> **PROMPT**
Leaving the pictures aside, transcribe the data below exactly.

> **PROVIDED MATERIAL**
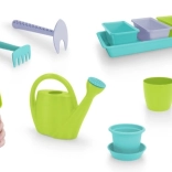 Le grand ensemble de jardin Gardenico Kids est idéal pour les petits jardiniers. Il contient tout le nécessaire pour cultiver des herbes et d'autres plantes, y compris des outils pour enfants, un ensemble de mini-bac, des pots de fleurs et des soucoupes.
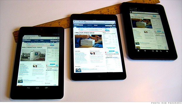 Mức giá của máy tính bảng cũng giảm đáng kể, nó thậm chí còn rẻ hơn máy đọc sách. Googlebán một phiên bản máy tính bảng của mình Nexus 7 với chỉ $ 199 khoảng 4,2 triệu đồng, và Amazon bây giờ cung cấp Kindle Fire với giá 159$ khoảng hơn 3,5 triệu, ít hơn khoảng 500 ngàn so với chiếc máy đọc sách Kindle đắt nhất và gần một triệu đồngso với chiếc Nook đắt nhất. Và sự xuất hiện của iPad Mini gần đây đã làm cho giá thành của máy tính bảng của Apple giảm xuống còn 329$ ( khoảng 7 triệu đồng) so với $ 499 (11 triệu) một chiếc IPad ban đầu.
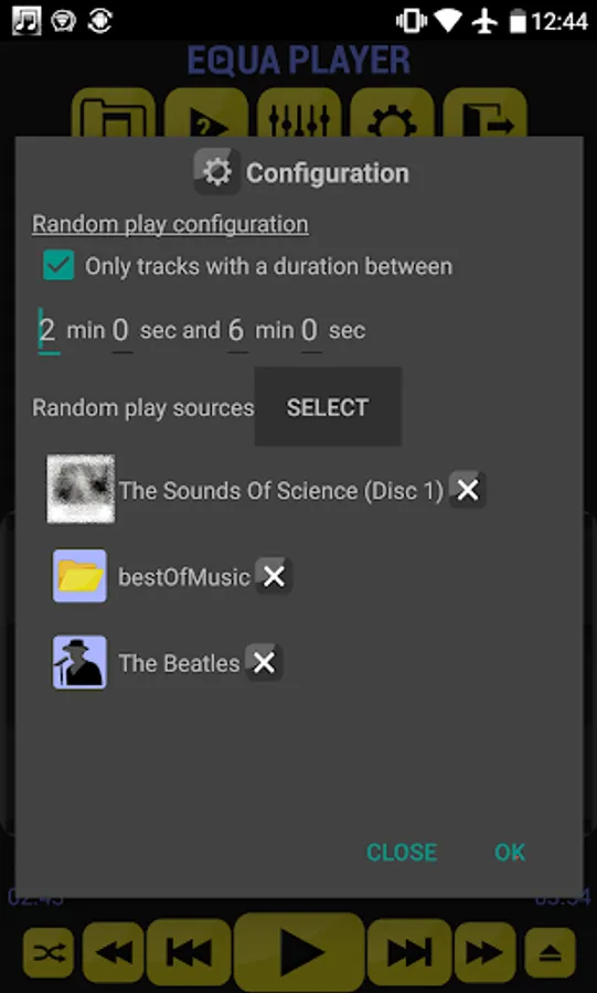 An option allows you to specify the minimum and maximum duration to only select tracks with a proper duration when using random play.

> **ANSWER TO THIS PROBLEM**
 Le grand ensemble de jardin Gardenico Kids est idéal pour les petits jardiniers. Il contient tout le nécessaire pour cultiver des herbes et d'autres plantes, y compris des outils pour enfants, un ensemble de mini-bac, des pots de fleurs et des soucoupes.
 Mức giá của máy tính bảng cũng giảm đáng kể, nó thậm chí còn rẻ hơn máy đọc sách. Googlebán một phiên bản máy tính bảng của mình Nexus 7 với chỉ $ 199 khoảng 4,2 triệu đồng, và Amazon bây giờ cung cấp Kindle Fire với giá 159$ khoảng hơn 3,5 triệu, ít hơn khoảng 500 ngàn so với chiếc máy đọc sách Kindle đắt nhất và gần một triệu đồngso với chiếc Nook đắt nhất. Và sự xuất hiện của iPad Mini gần đây đã làm cho giá thành của máy tính bảng của Apple giảm xuống còn 329$ ( khoảng 7 triệu đồng) so với $ 499 (11 triệu) một chiếc IPad ban đầu.
 An option allows you to specify the minimum and maximum duration to only select tracks with a proper duration when using random play.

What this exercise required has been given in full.